Author : Anatole Katok
Publisher : Cambridge University Press
Page : 828 pages
File Size : 40,65 MB
Release : 1995
Category : Mathematics
ISBN : 9780521575577
This book provided the first self-contained comprehensive exposition of the theory of dynamical systems as a core mathematical discipline closely intertwined with most of the main areas of mathematics. The authors introduce and rigorously develop the theory while providing researchers interested in applications with fundamental tools and paradigms. The book begins with a discussion of several elementary but fundamental examples. These are used to formulate a program for the general study of asymptotic properties and to introduce the principal theoretical concepts and methods.
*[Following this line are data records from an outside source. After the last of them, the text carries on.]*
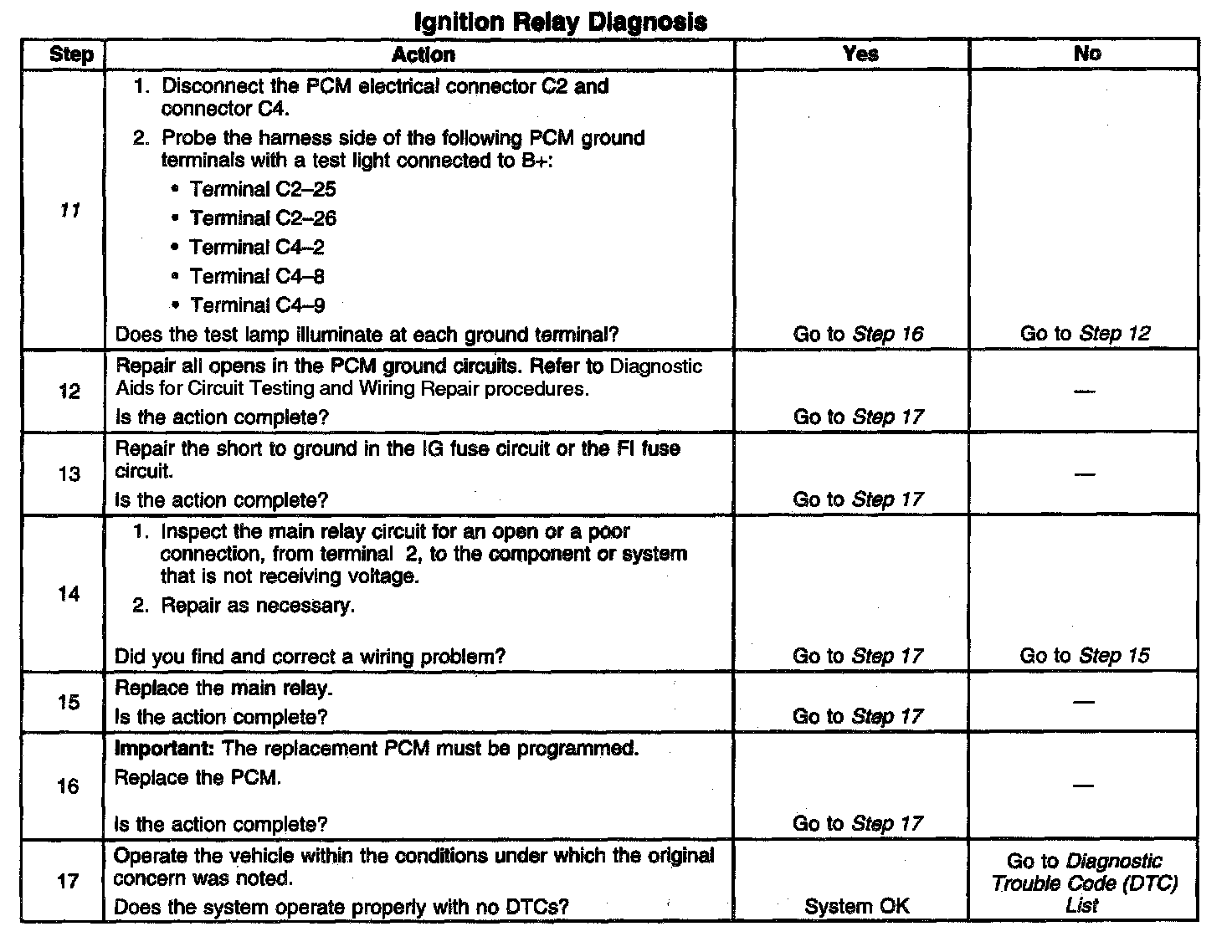 11. This step checks for an open in the PCM electrical grounds. The PCM will not operate the main relay if there are no electrical grounds.
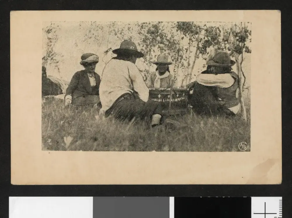 Hulda sammen med tre menn fra Sioux-nasjonen ved Devils Lake, Dakota
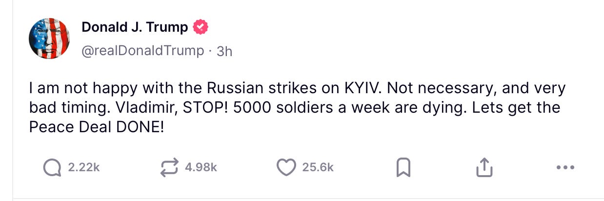 Trump’s reaction to Putin’s savage attack on a European capital that killed at least 8, including 2 children, and injured 77 more, does not even rise to a slap-on-the-wrist. Oh, Vladimir.
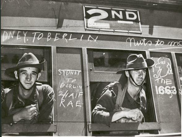 1940. Royal Australian Engineers on a train leaving for overseas service from Sydney

The main theme of the second part of the book is the interplay between local analysis near individual orbits and the global complexity of the orbit structure. The third and fourth parts develop the theories of low-dimensional dynamical systems and hyperbolic dynamical systems in depth. Over 400 systematic exercises are included in the text. The book is aimed at students and researchers in mathematics at all levels from advanced undergraduate up.